§ **What you should do**:
Beneath this line sits some data. Return only its lines from the one holding "Tại Đại học" through the one holding "雅安交建集團云石建材有限公司工程機械裝載機采購更正公告", inclusive, exactly, with the images removed.

§ **Record extracts**:

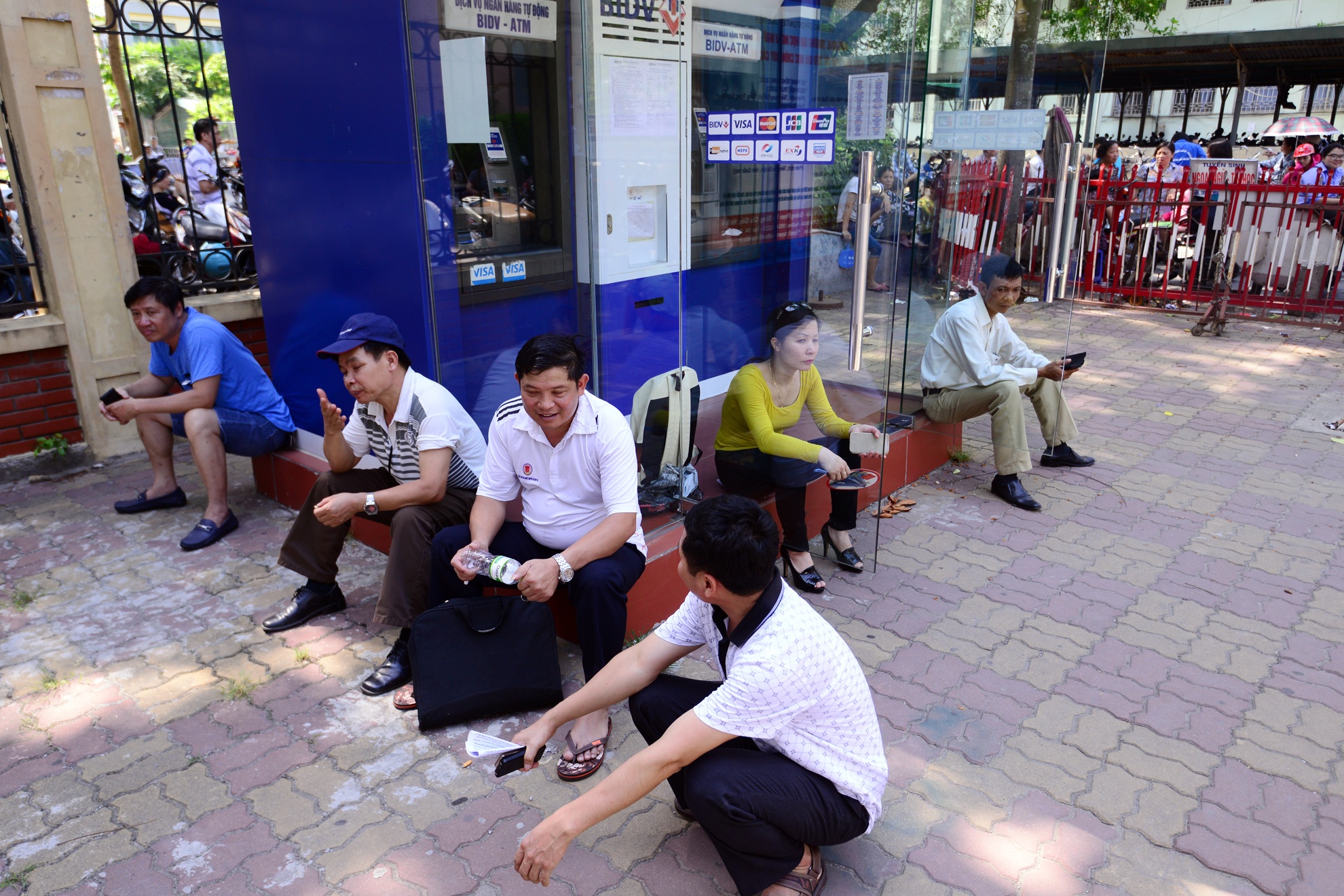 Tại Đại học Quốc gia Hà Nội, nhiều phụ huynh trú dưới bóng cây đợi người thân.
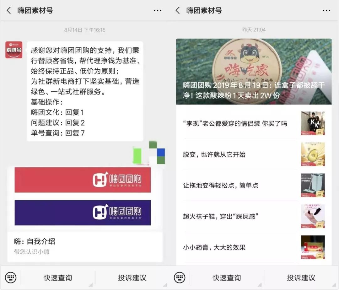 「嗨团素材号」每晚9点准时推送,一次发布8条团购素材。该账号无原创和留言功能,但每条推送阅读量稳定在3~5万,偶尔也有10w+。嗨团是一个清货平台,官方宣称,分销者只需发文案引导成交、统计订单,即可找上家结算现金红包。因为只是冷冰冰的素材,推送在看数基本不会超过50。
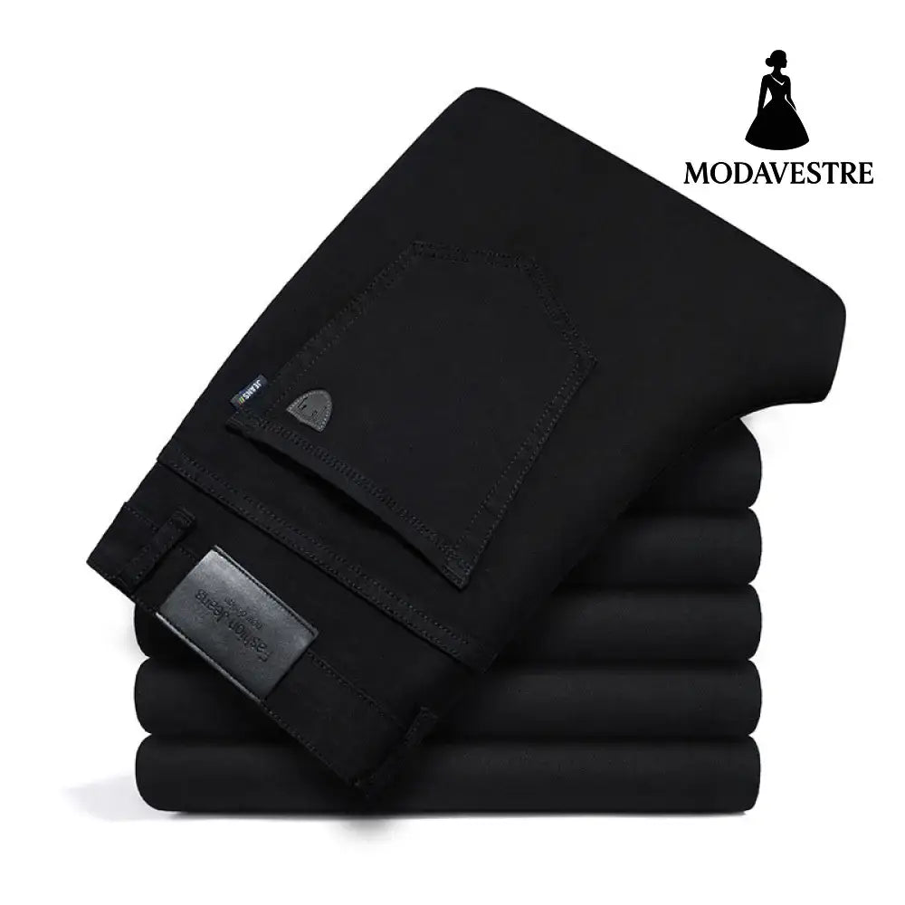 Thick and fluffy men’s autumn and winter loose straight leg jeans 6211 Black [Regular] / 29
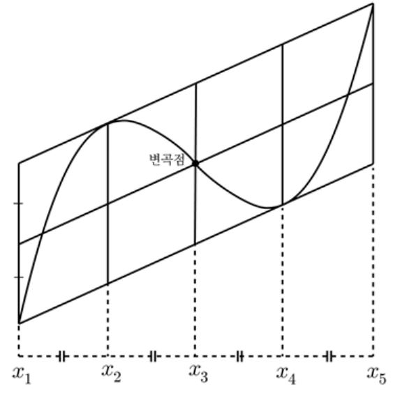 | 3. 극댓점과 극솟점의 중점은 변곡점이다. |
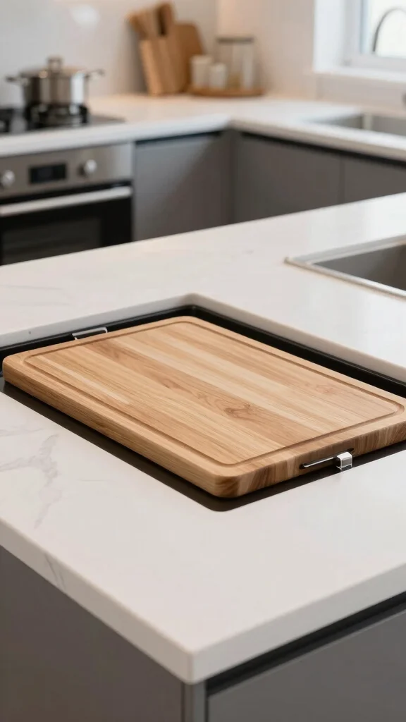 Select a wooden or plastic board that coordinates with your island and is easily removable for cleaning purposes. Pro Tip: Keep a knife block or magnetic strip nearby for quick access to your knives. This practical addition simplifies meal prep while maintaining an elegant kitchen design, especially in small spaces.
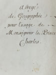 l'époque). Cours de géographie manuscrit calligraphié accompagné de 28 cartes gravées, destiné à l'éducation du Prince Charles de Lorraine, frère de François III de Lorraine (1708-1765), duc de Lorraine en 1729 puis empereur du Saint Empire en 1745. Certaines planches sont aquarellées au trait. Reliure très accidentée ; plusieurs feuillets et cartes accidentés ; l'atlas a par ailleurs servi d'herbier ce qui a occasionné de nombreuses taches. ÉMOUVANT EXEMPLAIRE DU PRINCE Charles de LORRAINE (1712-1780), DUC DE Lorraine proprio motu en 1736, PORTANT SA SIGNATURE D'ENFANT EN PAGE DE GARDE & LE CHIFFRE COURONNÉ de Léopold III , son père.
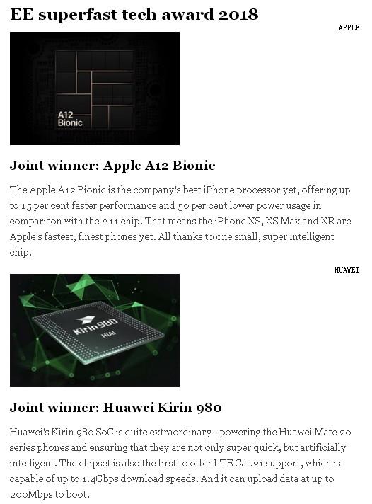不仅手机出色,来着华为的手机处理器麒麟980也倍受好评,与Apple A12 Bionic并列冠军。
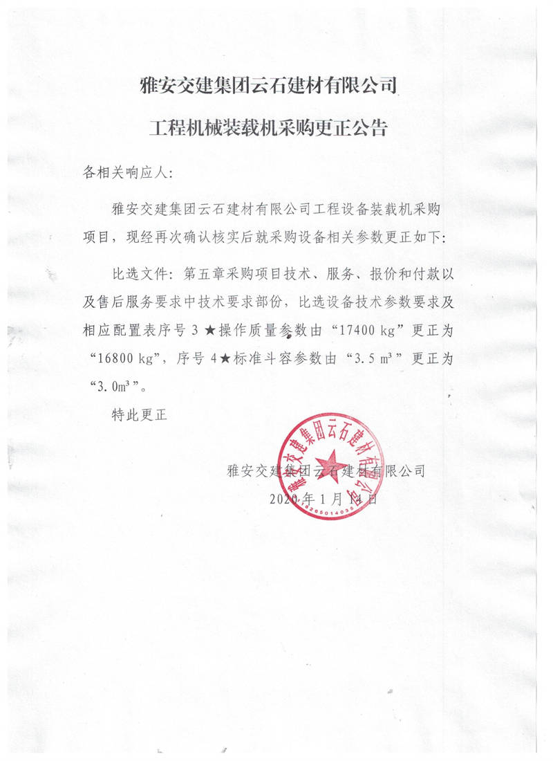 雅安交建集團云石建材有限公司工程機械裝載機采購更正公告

==

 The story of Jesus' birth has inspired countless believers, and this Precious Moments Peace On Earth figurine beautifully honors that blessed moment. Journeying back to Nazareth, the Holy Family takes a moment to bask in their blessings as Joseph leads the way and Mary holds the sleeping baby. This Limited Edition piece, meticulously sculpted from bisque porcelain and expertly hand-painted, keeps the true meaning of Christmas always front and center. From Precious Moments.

§ **Exercise output**:
 Tại Đại học Quốc gia Hà Nội, nhiều phụ huynh trú dưới bóng cây đợi người thân.
 「嗨团素材号」每晚9点准时推送,一次发布8条团购素材。该账号无原创和留言功能,但每条推送阅读量稳定在3~5万,偶尔也有10w+。嗨团是一个清货平台,官方宣称,分销者只需发文案引导成交、统计订单,即可找上家结算现金红包。因为只是冷冰冰的素材,推送在看数基本不会超过50。
 Thick and fluffy men’s autumn and winter loose straight leg jeans 6211 Black [Regular] / 29
 | 3. 극댓점과 극솟점의 중점은 변곡점이다. |
 Select a wooden or plastic board that coordinates with your island and is easily removable for cleaning purposes. Pro Tip: Keep a knife block or magnetic strip nearby for quick access to your knives. This practical addition simplifies meal prep while maintaining an elegant kitchen design, especially in small spaces.
 l'époque). Cours de géographie manuscrit calligraphié accompagné de 28 cartes gravées, destiné à l'éducation du Prince Charles de Lorraine, frère de François III de Lorraine (1708-1765), duc de Lorraine en 1729 puis empereur du Saint Empire en 1745. Certaines planches sont aquarellées au trait. Reliure très accidentée ; plusieurs feuillets et cartes accidentés ; l'atlas a par ailleurs servi d'herbier ce qui a occasionné de nombreuses taches. ÉMOUVANT EXEMPLAIRE DU PRINCE Charles de LORRAINE (1712-1780), DUC DE Lorraine proprio motu en 1736, PORTANT SA SIGNATURE D'ENFANT EN PAGE DE GARDE & LE CHIFFRE COURONNÉ de Léopold III , son père.
不仅手机出色,来着华为的手机处理器麒麟980也倍受好评,与Apple A12 Bionic并列冠军。
 雅安交建集團云石建材有限公司工程機械裝載機采購更正公告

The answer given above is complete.